(Records for the exercise Opens)
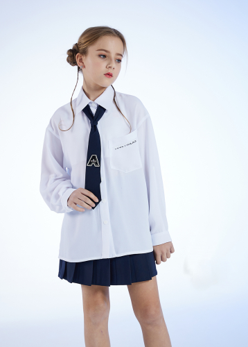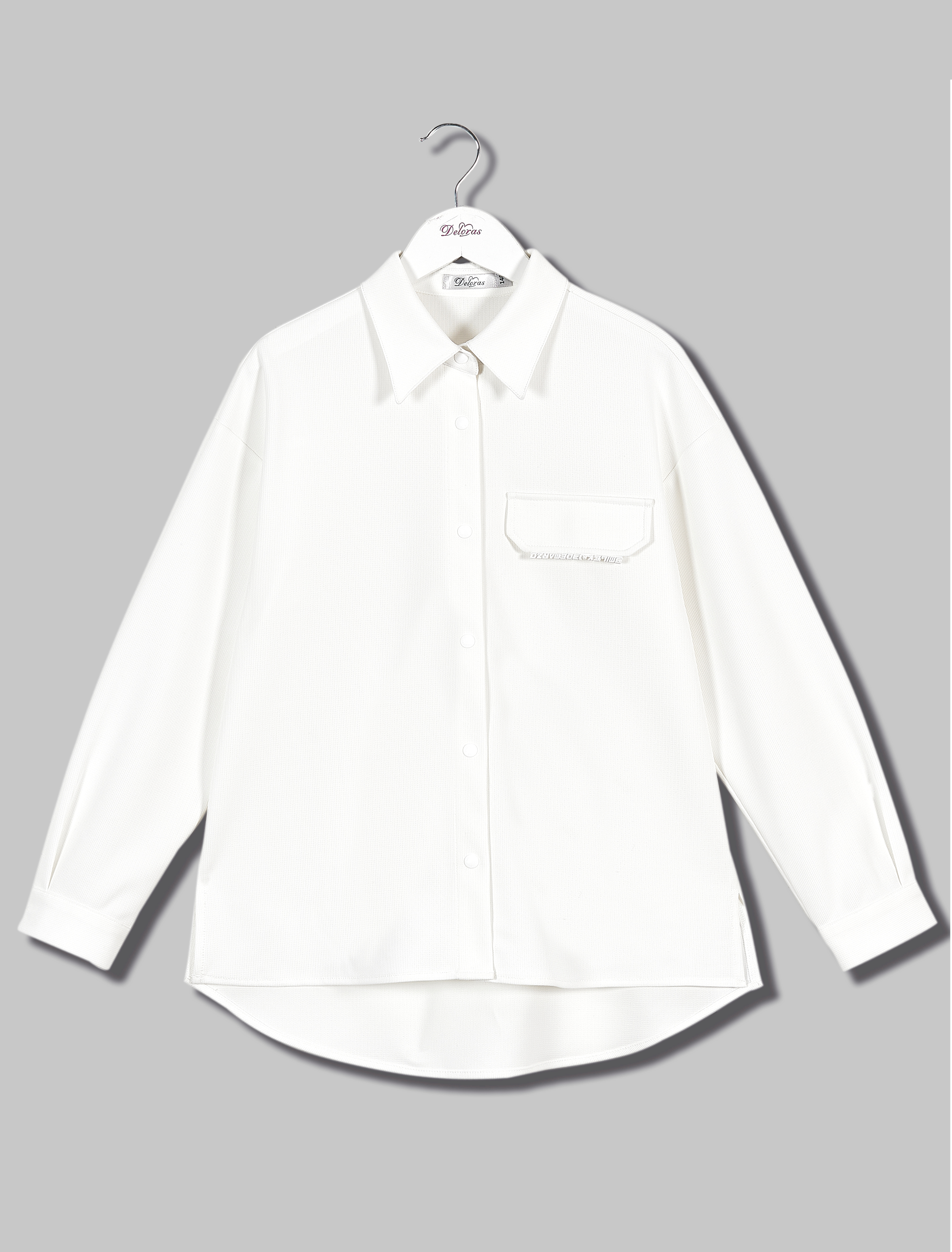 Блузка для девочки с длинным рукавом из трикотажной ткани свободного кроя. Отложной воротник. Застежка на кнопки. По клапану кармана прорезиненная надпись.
(Records for the exercise Closes)
(Records for the exercise Opens)
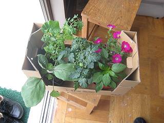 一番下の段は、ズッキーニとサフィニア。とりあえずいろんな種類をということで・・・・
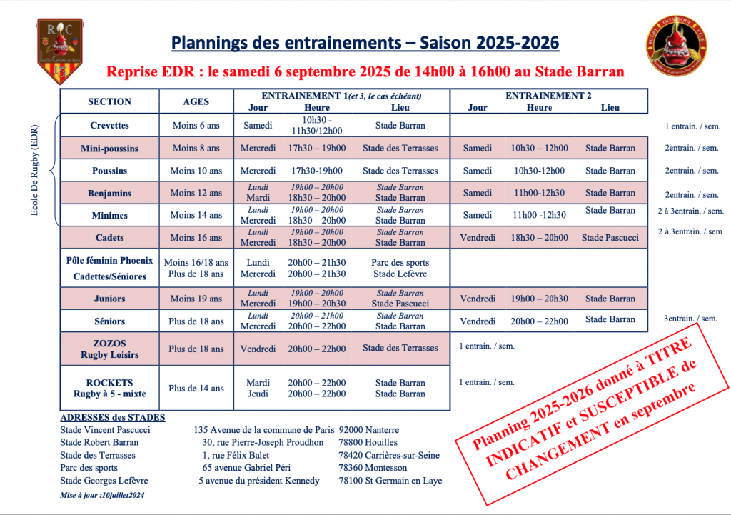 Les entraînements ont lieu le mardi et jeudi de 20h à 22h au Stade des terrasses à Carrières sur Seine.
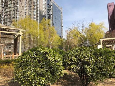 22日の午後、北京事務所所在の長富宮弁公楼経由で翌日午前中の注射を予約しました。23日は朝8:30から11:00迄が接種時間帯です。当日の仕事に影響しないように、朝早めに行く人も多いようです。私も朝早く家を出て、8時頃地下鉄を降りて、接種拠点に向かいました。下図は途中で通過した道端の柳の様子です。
(Records for the exercise Closes)
▶ [Problem description] What is needed is an exact copy of the lines above from the one with "Les entraînements ont" to the one with "22日の午後、北京事務所所在", both ends kept, and nothing more; please leave the pictures out.

▶ [Written response]
 Les entraînements ont lieu le mardi et jeudi de 20h à 22h au Stade des terrasses à Carrières sur Seine.
 22日の午後、北京事務所所在の長富宮弁公楼経由で翌日午前中の注射を予約しました。23日は朝8:30から11:00迄が接種時間帯です。当日の仕事に影響しないように、朝早めに行く人も多いようです。私も朝早く家を出て、8時頃地下鉄を降りて、接種拠点に向かいました。下図は途中で通過した道端の柳の様子です。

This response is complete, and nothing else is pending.